I hate hanging stuff up! It's just going to wind up being taken down, worn, and tossed in a basket anyway. I feel the same way about putting things in drawers.

I'm lucky in that I get to wear jeans and t-shirts most of the time, so I was able to solve this problem by getting a set of Elfa drawers. They're mesh, so I can see what's inside, and I don't bother to fold anything, I just toss my clothes in.

Since our house is a converted storefront, the bedroom is a loft, the bathroom is on the first floor, and the washer and dryer are in the kitchen. This means that I'm almost always getting dressed downstairs, and it's annoying to have to go upstairs for my clean clothes.

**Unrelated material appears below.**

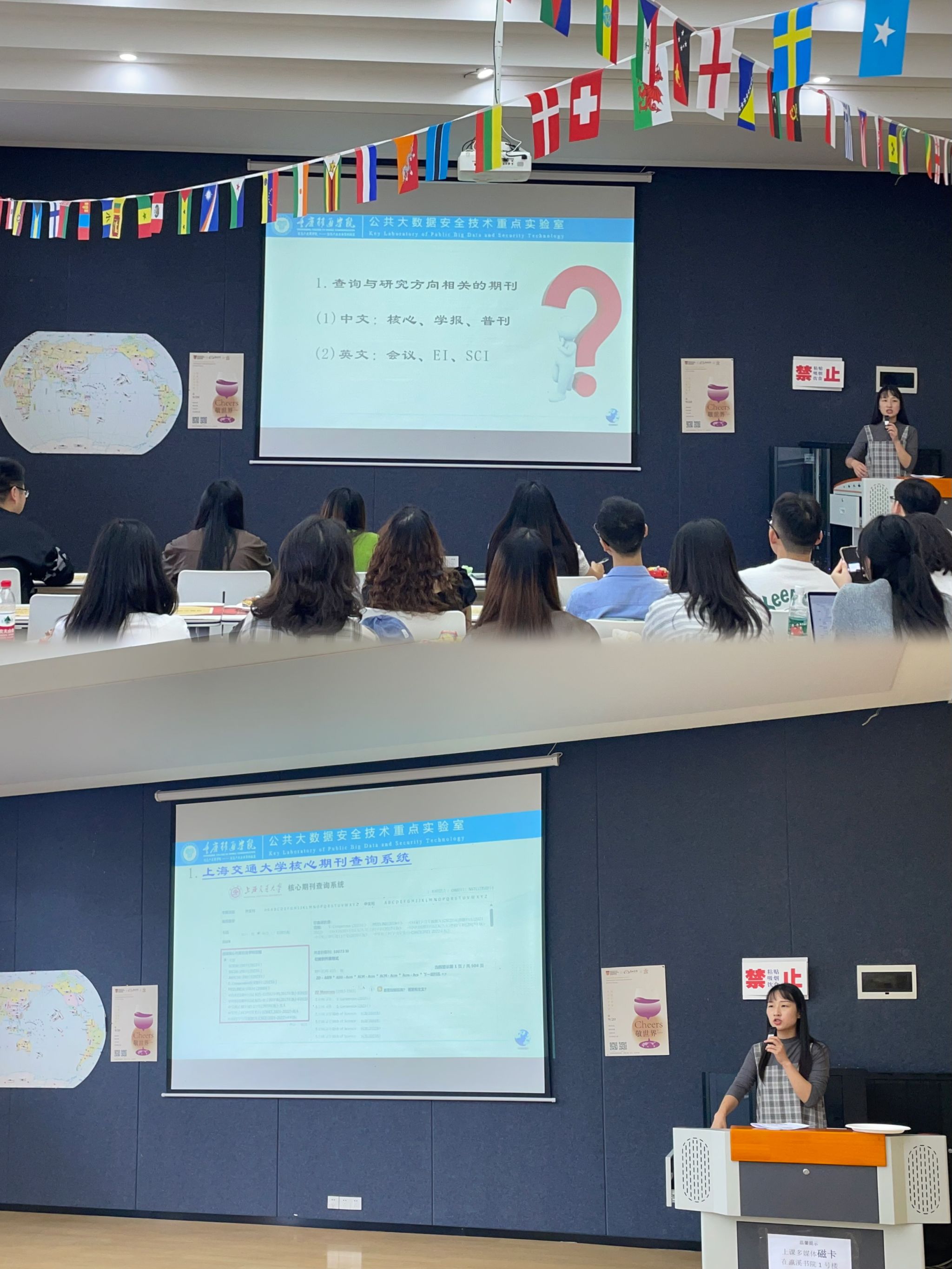 会上,王超男老师就文献检索、研究方向、撰写与投稿与专利申请四个方面做出经验分享。她以生动的语言和丰富的实例,从查询方法到专利申请进行了详细的讲解,阐述了自己的科研方向和近年来的研究成果。

I realized that this was keeping me from putting my clothes away, so I dedicated to have a dedicated basket of clean clothing that lives by the dryer. When it gets too full, I put the clothes away, but by that point there's another load ready to go through the cycle. If company comes, I stow the clean laundry basket in the bedroom.

It's something that might not work in a larger family, but it's a thought.

ENTrePreneur
08-29-09, 06:03 PM
Don't feel bad, it's always that way with me. This is only one reason I think I enjoy living alone and dating instead of being married. I loved being married and was very fortunate to have a husband who completely understood me and adored me for every single part of who I was. But even so, that guilt always lingered thinking "I should be a better wife and mother by having the house cleaned and laundry done and dinner served etc., being the one to remember to tell the kids to take their medicine instead of him having to do it; instead I would spend hours burying myself in my office making attempts at trying to get focused on completing just one project for the day, or worse yet when I was home alone while kids were at school and husband was at work on my day off, I would start the day with good intentions of cleaning my house and instead by 2 p.m. with my microphone in hand at my karoeke machine in my own little blissful singing world would realize OMG, I only have an hour to start cleaning and getting this house done before everyone gets home...never happened, usually 15 minutes before they walked in the door I would put my microphone down and try to put all the other evidence away that I had just been screwing off all day doing meaningless unproductive stuff, instead of having their dinner ready, or the house cleaned.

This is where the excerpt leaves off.